The problem blockchain was built to solve
Before it's a technology, blockchain is an answer to a question: how do strangers agree on what's true without a middleman?
What's going on
Daniel Schwartz opened the series with a reframing most people never hear: blockchain isn't really about coins. The coins are the noise. The signal is a way to keep a shared record that nobody can quietly rewrite.
Think about how money moves today. To send money to a friend, you hand it to a bank, the bank updates its private ledger, and you trust that it did so honestly. There's always a middleman, and you trust the middleman. Blockchain's whole pitch is: what if the ledger were public, copied across thousands of computers, and updated by rules instead of by a company?
Daniel used a striking number to make it concrete - over three billion people on Earth have no real access to a bank. A hundred-dollar Android phone, though, can hold a wallet. For those people, "be your own bank" isn't a slogan, it's the first bank they've ever had.

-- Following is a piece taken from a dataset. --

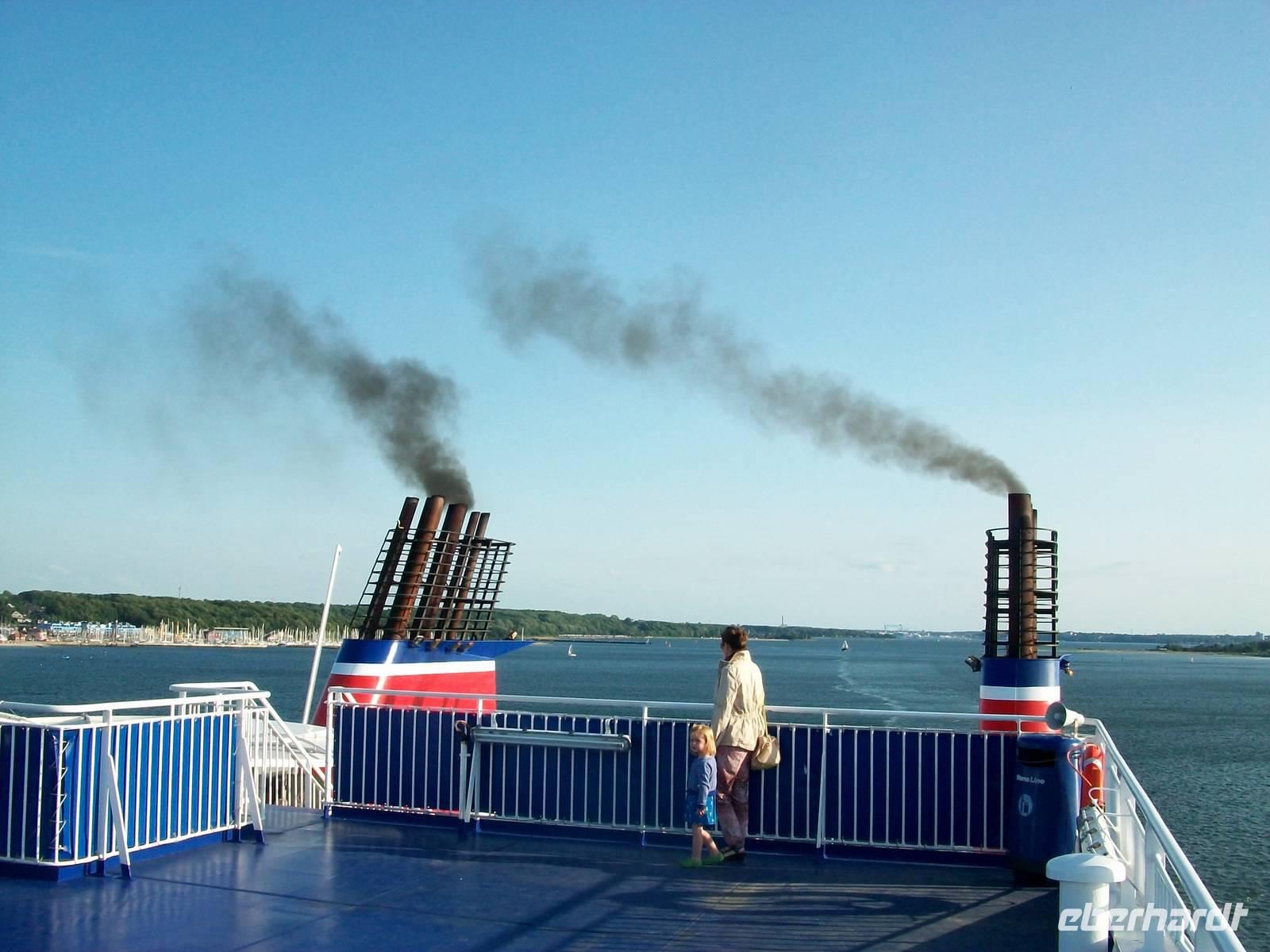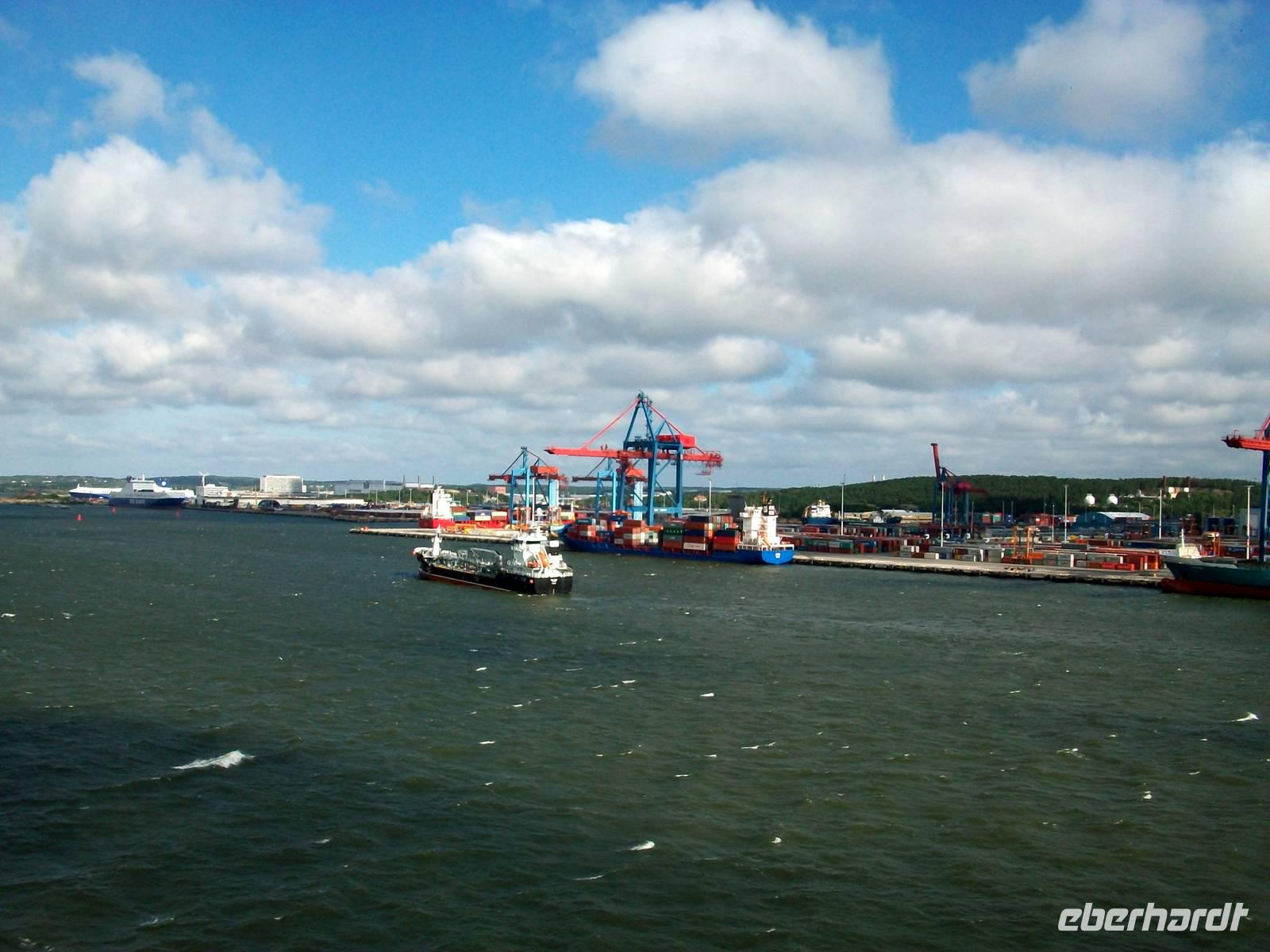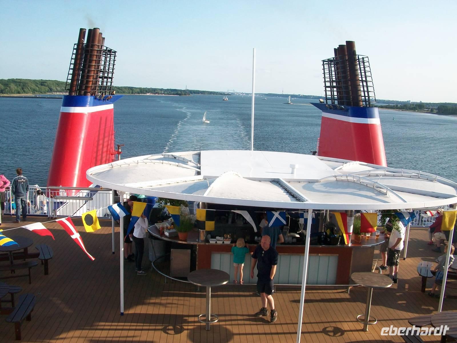 Dann sind wir in Schweden unterwegs; weiterhin begleitet uns die Sonne, auch als wir im Großraum von Göteborg anlangen. Unsere Fähre steht schon bereit; über die Gangway gelangen wir in das Innere und bis zum Abendessen verbleibt noch etwas Zeit zum Bummel auf dem Sonnendeck was heute seinem Namen volle Ehre macht.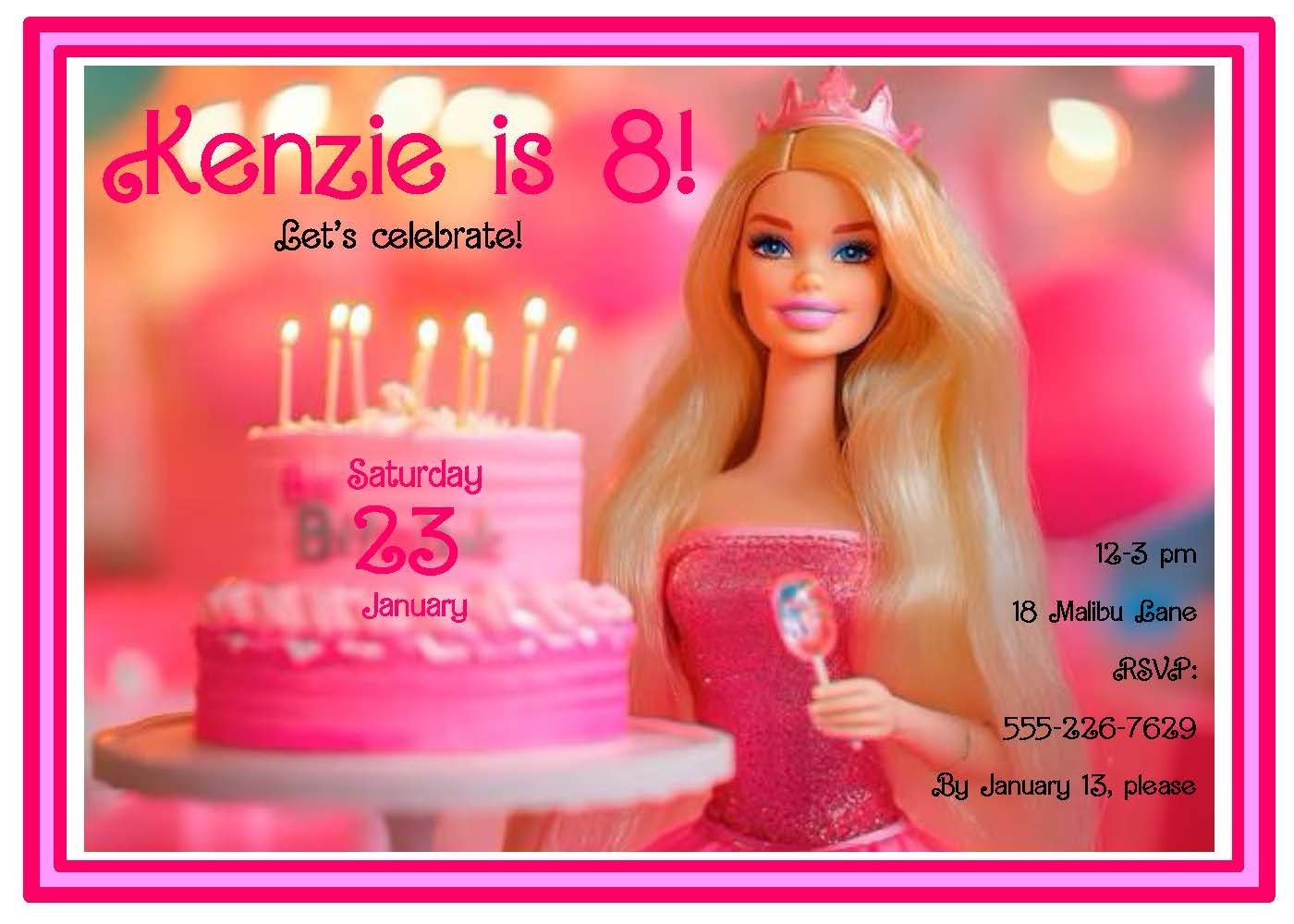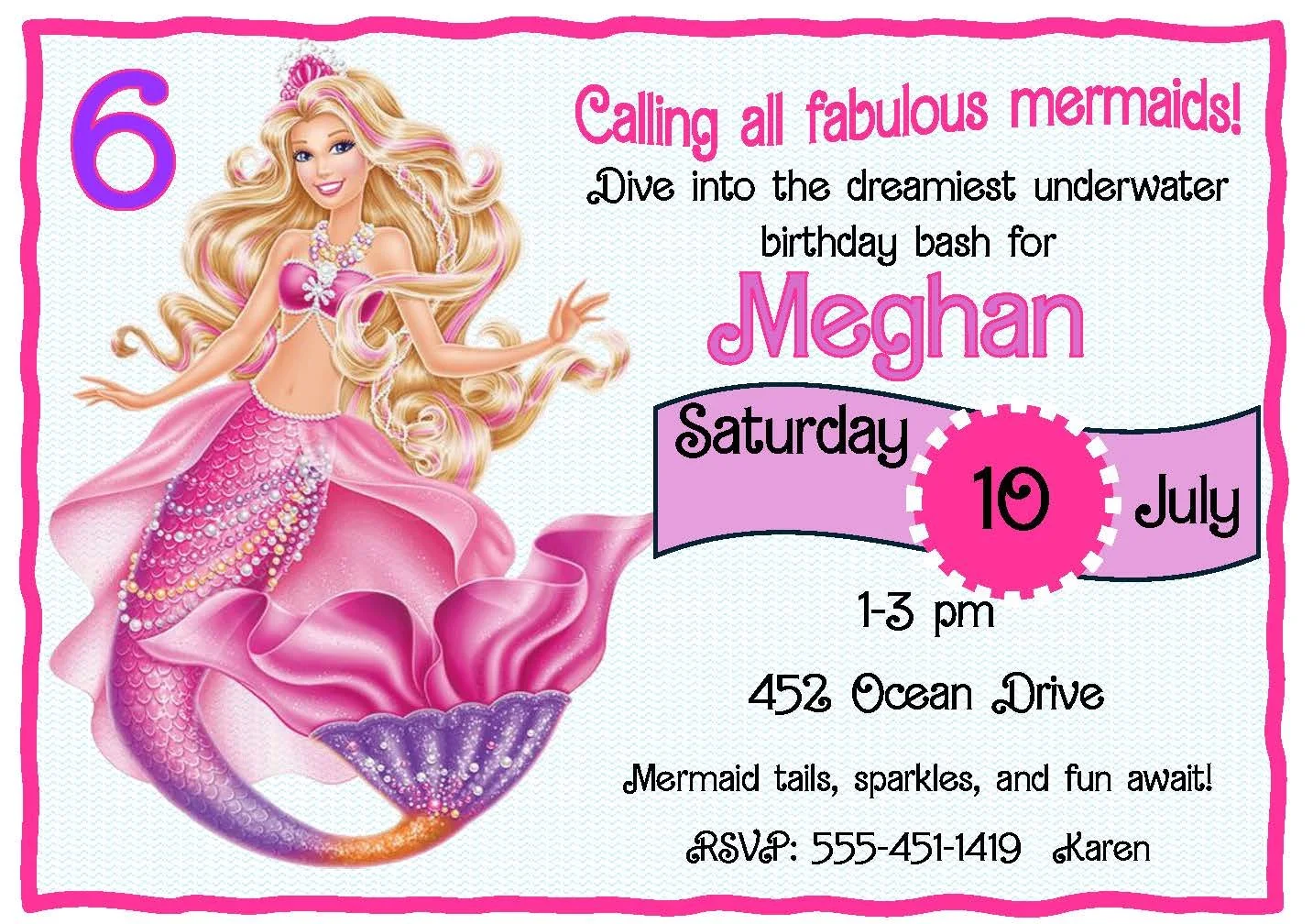 Make a splash with our Barbie Mermaid Invitation in dreamy pink and purple! Featuring the iconic Barbie font and an enchanting portrait of Barbie with flowing, luminous hair, this invite captures seaside glam and playful elegance. Soft gradients of coral-pink and twilight purple set a whimsical backdrop, while sparkles and seashell accents hint at underwater adventure. Perfect for mermaid-themed birthdays, pool parties, or Barbie celebrations—customizable text and RSVP details make planning effortless. Send an invitation that’s as magical and stylish as the guest of honor.

Daniel pointed to people receiving wages or remittances on cheap phones in places with no bank branches for a hundred miles. The same rails that crypto-Twitter argues about are, somewhere else, the only financial system someone has.
Key terms
- Centralization
- One trusted party (a bank, a company) holds the record and you trust them to keep it honest.
- Be your own bank
- Holding and moving value yourself, with no institution in the middle - powerful, and entirely your responsibility.
- Distributed ledger
- A record kept in identical copies across many computers, so no single one can rewrite history.